Court Opinion

ID: 1833259
Source: CourtListenerOpinion
Date Created: 2013-10-30 07:33:52.314097+00
Date Added: 2024-06-11T12:03:09.942223
License: Public Domain

300 So. 2d 294 (1974)
Helen A. BAILEY, Appellant,
v.
Franklin W. BAILEY, Jr., Appellee.
No. 73-826.
District Court of Appeal of Florida, Fourth District.
September 20, 1974.
George Ritchie, Cocoa, for appellant.
Kendall T. Moran, Titusville, for appellee.
OWEN, Chief Judge.
This suit for dissolution of marriage resulted in a final judgment (1) dissolving *295 the marriage, (2) refusing to ratify a written separation agreement executed by the parties, and (3) awarding to appellant-wife rehabilitative alimony and suit money.
The parties separated after 28 years of marriage, the husband moving out of the marital home. Three days later he returned to discuss with his wife her needs for support and maintenance of the home. An agreement was reached which the wife put in her handwriting and the husband signed. Pursuant to the husband's instructions, the wife then retained a lawyer to have the agreement redrafted in proper legal form, the husband declining to retain separate counsel. A few days later, the attorney-drafted written agreement, consistent in all material respects with the original signed agreement, was presented to the husband and signed by him before a notary public.
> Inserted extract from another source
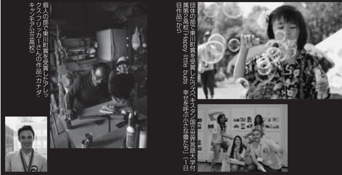
団体の部で東川町賞を受賞したウズベキスタン国立世界言語大学付属第2高校 Happy little buds 幸せを呼ぶ小さな蕾たち(1日制作)から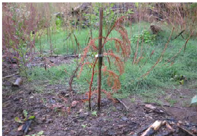
写真－13：倒伏した苗木（コンテナ苗大）

At the time of the separation, the wife was 53 years of age, with a limited education and no special training or skills, and virtually no work experience during the marriage. She was suffering from a minor physical disability. The husband was gainfully employed by the Bendix Company in connection with the space program work at Cape Kennedy. He had a total monthly income from his employment and Air Force pension of approximately $1,070.00 a month. He had accumulated savings of some $16,000.00, of which he gave $9,000.00 to the wife. He also gave her title to the mobile home and one of the two automobiles which he owned. The separation agreement in its material parts provided that the husband (1) would give the wife $350.00 per month as alimony, (2) would give her the insurance policies on his life and not change the beneficiary thereof, (3) would leave her the sole beneficiary under his will, and (4) would sign such papers as necessary to allow the wife to continue use of post exchange and commissary privileges.
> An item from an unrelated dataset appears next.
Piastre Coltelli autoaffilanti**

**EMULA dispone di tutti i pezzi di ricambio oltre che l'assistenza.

After the agreement was executed, the husband delivered to appellant-wife the mobile home, the automobile, and the insurance policies, and arranged for her to have the post exchange and commissary privileges. He also commenced paying to her the monthly support payments of $350.00 each and continued to do so voluntarily for a full year thereafter. Then he filed the suit for dissolution of marriage. The wife counterclaimed for dissolution and ratification of the separation agreement.
In its final judgment the court, finding that the written separation agreement was a result of overreaching on the part of the wife and that the husband had not thoroughly read nor understood the provisions of the agreement, concluded that it would be unconscionable to approve such agreement. The court nonetheless found that at the time of final hearing the husband had the ability to pay alimony in the amount of $350.00 per month and the wife had need for alimony in such amount, and consequently ordered alimony in that amount for three months, and thereafter in declining amounts through the end of 1975.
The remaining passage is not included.